* [THE DATA]
▼

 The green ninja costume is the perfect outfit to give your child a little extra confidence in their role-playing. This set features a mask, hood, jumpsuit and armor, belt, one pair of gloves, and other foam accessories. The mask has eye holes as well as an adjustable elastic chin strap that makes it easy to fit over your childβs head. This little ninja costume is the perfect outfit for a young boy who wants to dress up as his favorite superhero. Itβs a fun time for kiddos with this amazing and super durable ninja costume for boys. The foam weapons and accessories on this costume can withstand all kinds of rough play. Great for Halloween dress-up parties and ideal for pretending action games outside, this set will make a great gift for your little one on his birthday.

▲
▼

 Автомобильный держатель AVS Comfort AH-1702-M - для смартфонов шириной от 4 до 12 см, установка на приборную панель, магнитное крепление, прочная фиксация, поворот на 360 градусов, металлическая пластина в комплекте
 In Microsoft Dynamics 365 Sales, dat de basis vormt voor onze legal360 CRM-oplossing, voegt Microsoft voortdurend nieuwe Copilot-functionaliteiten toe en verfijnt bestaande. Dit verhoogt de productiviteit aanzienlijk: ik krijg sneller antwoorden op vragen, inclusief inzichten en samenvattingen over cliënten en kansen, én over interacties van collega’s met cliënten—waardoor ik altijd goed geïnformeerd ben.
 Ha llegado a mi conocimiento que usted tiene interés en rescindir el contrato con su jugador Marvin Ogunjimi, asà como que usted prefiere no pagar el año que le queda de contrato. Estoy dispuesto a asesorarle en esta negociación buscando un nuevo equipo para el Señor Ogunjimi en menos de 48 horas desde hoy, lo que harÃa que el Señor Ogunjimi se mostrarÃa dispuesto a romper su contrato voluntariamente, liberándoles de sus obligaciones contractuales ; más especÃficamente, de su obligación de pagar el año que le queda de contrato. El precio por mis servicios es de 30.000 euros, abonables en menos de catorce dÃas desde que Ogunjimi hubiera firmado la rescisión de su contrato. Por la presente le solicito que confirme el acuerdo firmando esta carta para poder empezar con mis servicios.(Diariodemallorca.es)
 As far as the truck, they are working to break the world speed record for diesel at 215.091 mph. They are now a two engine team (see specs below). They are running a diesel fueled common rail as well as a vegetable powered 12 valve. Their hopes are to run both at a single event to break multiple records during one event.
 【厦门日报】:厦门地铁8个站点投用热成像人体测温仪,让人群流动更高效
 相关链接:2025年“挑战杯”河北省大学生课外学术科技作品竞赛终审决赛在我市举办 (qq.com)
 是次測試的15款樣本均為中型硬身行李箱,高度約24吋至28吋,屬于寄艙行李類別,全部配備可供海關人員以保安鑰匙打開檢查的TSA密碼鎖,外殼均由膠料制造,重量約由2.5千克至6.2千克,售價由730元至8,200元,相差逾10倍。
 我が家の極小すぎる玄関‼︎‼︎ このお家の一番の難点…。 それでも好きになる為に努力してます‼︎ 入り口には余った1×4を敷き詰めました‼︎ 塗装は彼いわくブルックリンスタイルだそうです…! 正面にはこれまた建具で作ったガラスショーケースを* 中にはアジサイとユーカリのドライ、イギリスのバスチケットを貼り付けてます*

▲

* [AIM OF THE TASK] Take the lines above from the one containing "In Microsoft Dynamics" down to the one containing "我が家の極小すぎる玄関‼︎‼︎ このお家の一番の難点…。 それでも好きになる為に努力してます‼︎", and transcribe them exactly, both ends included.

* [EXERCISE RESPONSE]
 In Microsoft Dynamics 365 Sales, dat de basis vormt voor onze legal360 CRM-oplossing, voegt Microsoft voortdurend nieuwe Copilot-functionaliteiten toe en verfijnt bestaande. Dit verhoogt de productiviteit aanzienlijk: ik krijg sneller antwoorden op vragen, inclusief inzichten en samenvattingen over cliënten en kansen, én over interacties van collega’s met cliënten—waardoor ik altijd goed geïnformeerd ben.
 Ha llegado a mi conocimiento que usted tiene interés en rescindir el contrato con su jugador Marvin Ogunjimi, asà como que usted prefiere no pagar el año que le queda de contrato. Estoy dispuesto a asesorarle en esta negociación buscando un nuevo equipo para el Señor Ogunjimi en menos de 48 horas desde hoy, lo que harÃa que el Señor Ogunjimi se mostrarÃa dispuesto a romper su contrato voluntariamente, liberándoles de sus obligaciones contractuales ; más especÃficamente, de su obligación de pagar el año que le queda de contrato. El precio por mis servicios es de 30.000 euros, abonables en menos de catorce dÃas desde que Ogunjimi hubiera firmado la rescisión de su contrato. Por la presente le solicito que confirme el acuerdo firmando esta carta para poder empezar con mis servicios.(Diariodemallorca.es)
 As far as the truck, they are working to break the world speed record for diesel at 215.091 mph. They are now a two engine team (see specs below). They are running a diesel fueled common rail as well as a vegetable powered 12 valve. Their hopes are to run both at a single event to break multiple records during one event.
 【厦门日报】:厦门地铁8个站点投用热成像人体测温仪,让人群流动更高效
 相关链接:2025年“挑战杯”河北省大学生课外学术科技作品竞赛终审决赛在我市举办 (qq.com)
 是次測試的15款樣本均為中型硬身行李箱,高度約24吋至28吋,屬于寄艙行李類別,全部配備可供海關人員以保安鑰匙打開檢查的TSA密碼鎖,外殼均由膠料制造,重量約由2.5千克至6.2千克,售價由730元至8,200元,相差逾10倍。
 我が家の極小すぎる玄関‼︎‼︎ このお家の一番の難点…。 それでも好きになる為に努力してます‼︎ 入り口には余った1×4を敷き詰めました‼︎ 塗装は彼いわくブルックリンスタイルだそうです…! 正面にはこれまた建具で作ったガラスショーケースを* 中にはアジサイとユーカリのドライ、イギリスのバスチケットを貼り付けてます*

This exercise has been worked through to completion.